Some metadata issues to evaluate might be repetitive content ie author name strings known to be issues ie "et al.", "al et.", and the same name string repeated. Example issue found on a test:
We currently do not have any backend to store "problems".
Possible some kind of test on the "et al." problem could be implemented more easily and with a warning. Also on repeated names.
I am wondering how wide the problem is?
Yeah, I get how not having a backend complicates this request.
An alternative implementation would be to create a way to inform the user how to create a bug report for a particular DOI and document from the DOI import page where a user an go and how to add a new pattern to check if they wish to attempt a fix. I for sure don't know where to add a pattern as I'm not oriented to Scholia's code and all a pointer to documentation on how and where to add a pattern or check from the DOI lookup page would be a helpful orientation to contribute fixes like these.
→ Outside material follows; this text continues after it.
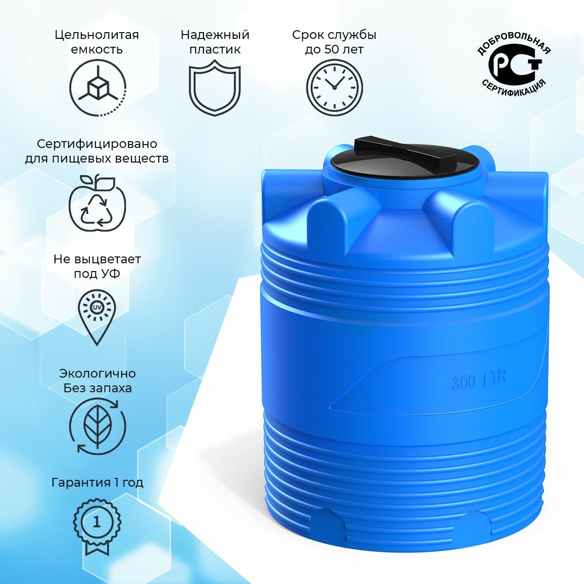 Емкость 300 литров Polimer Group V300 для воды/ топлива/ соления/ продуктов, цвет синий информация:

- For et al. / al et I found a handful - see #2722
- Others that might fit in the types of issues: #2720 #2723
- There are symbols and other import issues reported in titles in the bug list.
- Lots of issues with math symbols especially from Physics and Math - example: APS Physical Review Journals - 10.1103/PhysRev.132.1819
- https://doi.org/10.1103/PhysRevC.83.054605 processes where spaces are missing in the title - https://www.wikidata.org/wiki/Q63387978
- https://arxiv.org/abs/2105.06541 processes where characters are bounded by $ - https://www.wikidata.org/wiki/Q136172654 similar to https://www.wikidata.org/wiki/Q136172659 while https://www.wikidata.org/wiki/Q136172633 imported without $.
I'm open to alternatives, but a feature allowing coordinated flagging without technical skills to code could broaden identifying data issues.
Add title modifications to be flagged for retracted/withdrawn and use a statement instead of the title modification when detected.
Examples: Title modified by adding "RETRACTED ARTICLE: " string. https://scholia.toolforge.org/doi/10.1007/s40615-014-0010-x
Additionally this is not flagged as retracted on lookup.
Title Modified by adding "WITHDRAWN—" see https://scholia.toolforge.org/work/Q128114984
Crosscheck of import data: Crossref display vs json vs Import - In this case the JSON had more data than displayed in terms of number of authors while the wikidata import didn't get the first names. Metadata supplier or Crossref issue, but data quality thing to validate. I've reported this specific issue to Crossref, but it may call for validation checks to ensure author string imports are complete.
Pull display authors and JSON author strings, compare if same length and flag for import is length do not match for potential source issue?
https://www.wikidata.org/w/index.php?title=Q137188037&oldid=2437305526
Crosscheck of import data: Crossref display vs json vs Import - In this case the JSON had more data than displayed in terms of number of authors while the wikidata import didn't get the first names. Metadata supplier or Crossref issue, but data quality thing to validate. I've reported this specific issue to Crossref, but it may call for validation checks to ensure author string imports are complete.
Pull display authors and JSON author strings, compare if same length and flag for import is length do not match for potential source issue?
https://www.wikidata.org/w/index.php?title=Q137188037&oldid=2437305526
![]()
![]()
According to Crossref only the surname is required in the metadata and the display issue discrepancy on their end is a known issue, but it highlights some assumptions that should be accounted for.
A much broader data handing issue than #2731 is a Crossref trove of unescaped items: &, and so many more https://search.crossref.org/search/works?q=%26amp%3B&from_ui=yes
Issue reported to Crossref asking to flag in the metadata json at the very least.
https://github.com/WDscholia/scholia/issues/2726#issuecomment-3607349056 Crossref has identifed some parsing issue on their side for escape and it will fix some of the escape issues.